Any conversion of 3D coordinates onto a 2D plane is called a projection. Many projections can be defined, but GPUs support only those that convert all straight 3D lines into straight 2D lines. Conveniently, all of these can be defined using homogeneous coordinate normalization.
Homogeneous coordinates are used for various purposes; for the
purpose of projections, they have an auxiliary w coordinate appended to the 3D (x,y,z) coordinates, where w is a divisor: the projected coordinate to
draw is actually \left(\frac{x}{w},\frac{y}{w}\right) (with
\frac{z}{w} as a depth
component, used by the [depth buffer]). With this single rule we can
create several kinds of projections by setting ws in different ways.
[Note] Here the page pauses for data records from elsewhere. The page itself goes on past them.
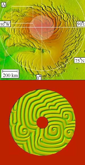 Este padrão invulgar foi visto pela primeira vez pela sonda Viking, em 1976. Os cientistas têm-no explicado utilizando teorias baseadas nos ciclos alternados de aquecimento e arrefecimento das calotes, cujos modelos incluem os efeitos do vento e do deslocamento das calotes de gelo. Agora, um novo modelo, apresentado por J. Pelletier (Universidade do Arizona em Tucson, EUA) na revista científica Geology, é capaz de reproduzir as espirais apenas com os ciclos de aquecimento e arrefecimento das calotes, isto é, sem necessidade de invocar efeitos do vento e do deslocamento das calotes.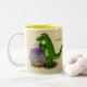 Funny green alligator cooking cartoon Two-Tone coffee mug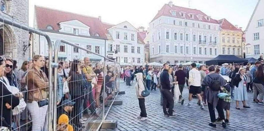 Plaza en Estonia, donde "los no vacunados" están siendo segregados de la sociedad detrás de vallas metálicas, porque se niegan a convertirse a la nueva ideología oficial: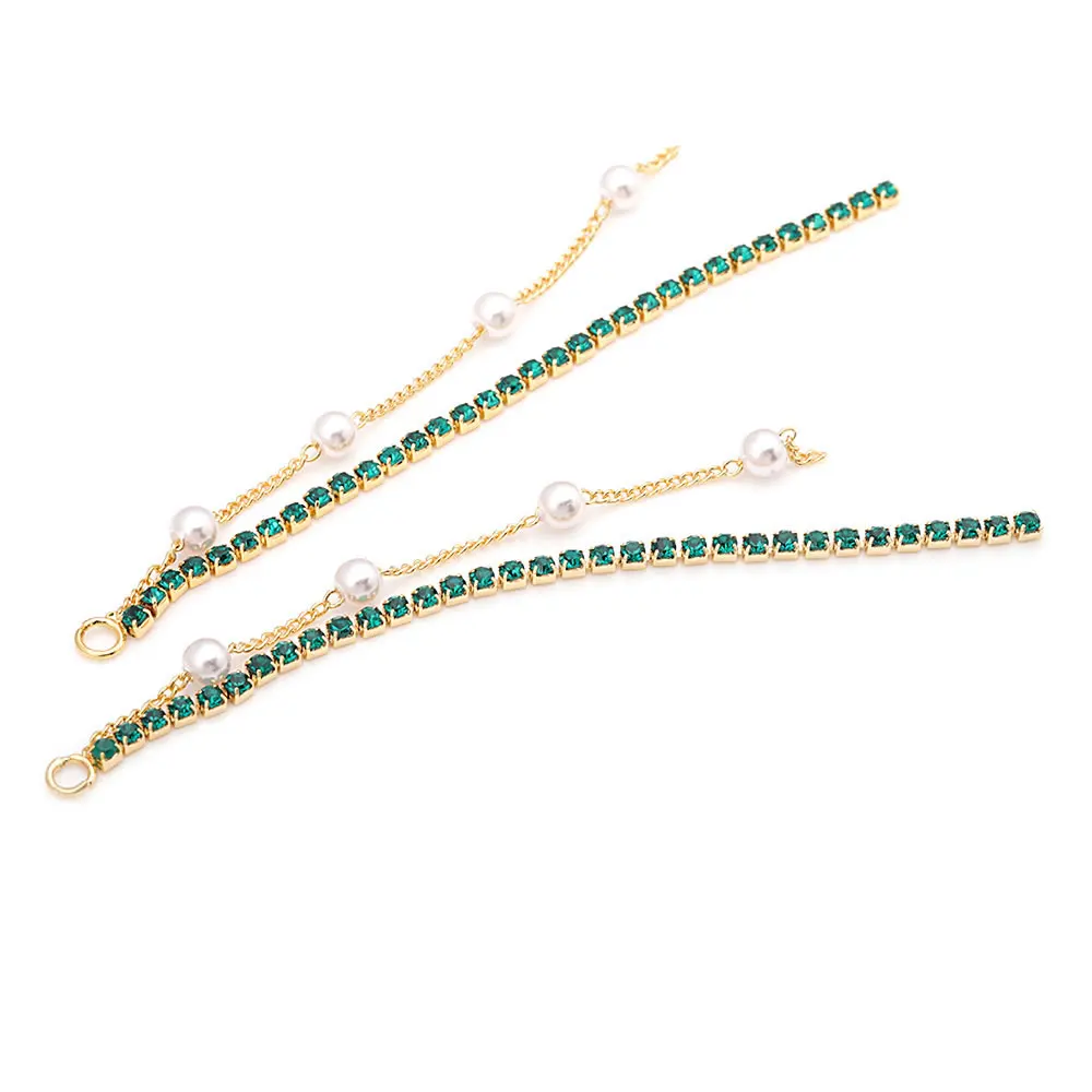 Material:Brass and Zircon Color:18K Gold Color Size:Full Length 80MM Rhinestone Wide 2MM Bead 4MM Hole 3MM |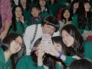資料圖:豬哥亮與女學生們合影。圖片來源:台灣“聯合報”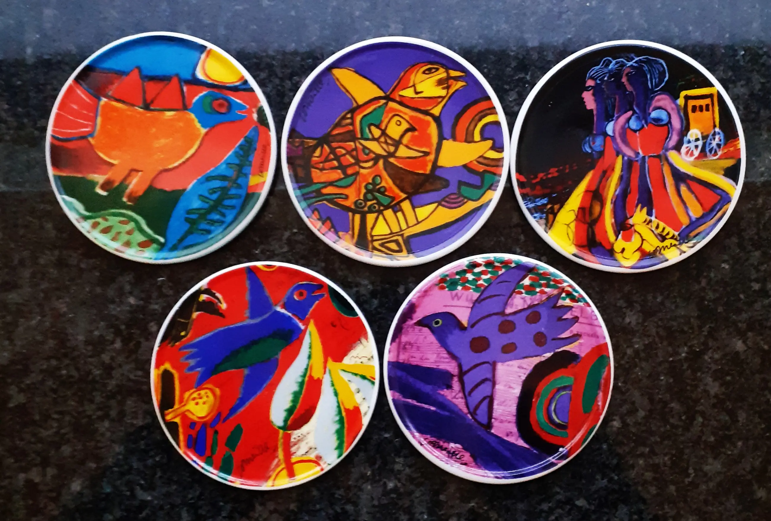 Vijf prachtige, kleurrijke, verschillende onderzetters ontwerp Corneille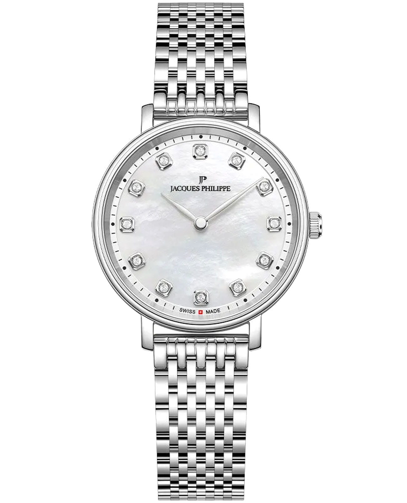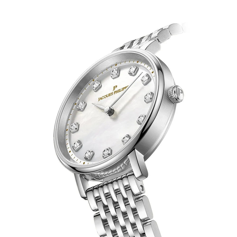 Швейцарские женские часы Jacques Philippe Vitalicus JPQLS751386 кварцевый механизм с высокой точностью. Прочное сапфировое стеклоСапфировое стеклоПрочный и надёжный материал из кристалла сапфира синтетического происхождения, характеризующийся особой твёрдостью и устойчивостью к царапинам и повреждениям. устойчивое к царапинам и механическим повреждениям. Циферблат серебристого цвета украшен кристаллами в виде меток и классическими стрелками, что гармонично дополняет общий дизайн модели. Элегантный корпус изготовлен из нержавеющей стали, диаметром 31 мм, что делает их устойчивыми к внешним воздействиям и придает благородный вид. Стальной браслет на застёжке-бабочке с кнопкамиЗастёжка "бабочка"Такой вид застёжки дополняется предохранителями, помогающими избежать случайного раскрытия браслета. Обладают изящным исполнением. обеспечивает комфортное и безопасное ношение. Класс водозащиты: 50 метров позволит защитить корпус от случайных брызг или капель дождя. Эти часы станут идеальным выбором для женщин, ценящих стиль, качество и функциональность и элегантность.

If all w=1 then division by w does nothing and we achieve an orthographic projection. Orthographic projections used for blueprints, maps, birds-eye views, and other images where the projected size of an object should be independent from its distance from the camera.
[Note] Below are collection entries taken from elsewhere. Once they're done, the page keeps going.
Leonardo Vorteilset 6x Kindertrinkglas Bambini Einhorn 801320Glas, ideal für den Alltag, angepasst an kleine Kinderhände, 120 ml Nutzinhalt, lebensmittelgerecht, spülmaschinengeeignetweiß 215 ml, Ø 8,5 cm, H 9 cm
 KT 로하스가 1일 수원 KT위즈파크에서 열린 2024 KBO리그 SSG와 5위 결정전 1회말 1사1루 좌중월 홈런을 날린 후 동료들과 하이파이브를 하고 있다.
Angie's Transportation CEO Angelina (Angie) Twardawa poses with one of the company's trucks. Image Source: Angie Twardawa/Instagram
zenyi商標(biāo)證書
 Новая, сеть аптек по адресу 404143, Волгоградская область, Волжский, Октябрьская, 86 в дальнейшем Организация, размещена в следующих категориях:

We view the 3D world from a point inside that world, with closer objects appearing larger than more distant objects.
A naive approach to implementing this would be to have w be the distance a vertex is from that viewing point. That, however, will not work in practice: division by w will project points onto a sphere, not a plane, and spheres do not have the required preservation of straight lines.
Instead, we set w to the distance
along a single axis that the vertex is from that viewing point;
that axis is called the forward
direction of the viewer. Thus, a
vertex beside the viewer is neither forward nor backwards from it and
will be given w=0. Setting ws in this way projects vertices onto a plane
instead of a sphere, while still giving the expected sense of depth.
A note about z
A naive implementation of perspective projection will make w = z, but that will mess up clipping and make a depth buffer useless.
When providing data for future perspective projection, we pick a near and far distance and modify z so that points at the near distance will have \frac{z}{w} = -1 and points at the far distance will have \frac{z}{w} = 1.
Commonly, this is achieved using a matrix like the following
(possibly differing in sign depending on if +z or -z is
taken as forward
), called the projection matrix
: \begin{bmatrix}
s_x & 0 & 0 & 0 \\
0 & s_y & 0 & 0 \\
0 & 0 &
\frac{\text{far}+\text{near}}{\text{far}-\text{near}}&
\frac{-2\cdot\text{near}\cdot\text{far}}{\text{far}-\text{near}}\\
0 & 0 & 1 & 0 \\
\end{bmatrix}\begin{bmatrix}
x\\y\\z\\1\end{bmatrix}
Often, orthographic and perspective projections are described as the only two options provided by the GPU’s homogeneous normalization approach, but technically that is not correct. It can also be used to create projections of points in non-Eucliean geometries. For elliptic geometries ws can be used to realize the hyperspherical model; for hyperbolic geometries, ws can be used to realize the Minkowski model. In both cases, w should be additionally augmented by a distance term if a perspective (instead of orthographic) projection in the geometry is desired.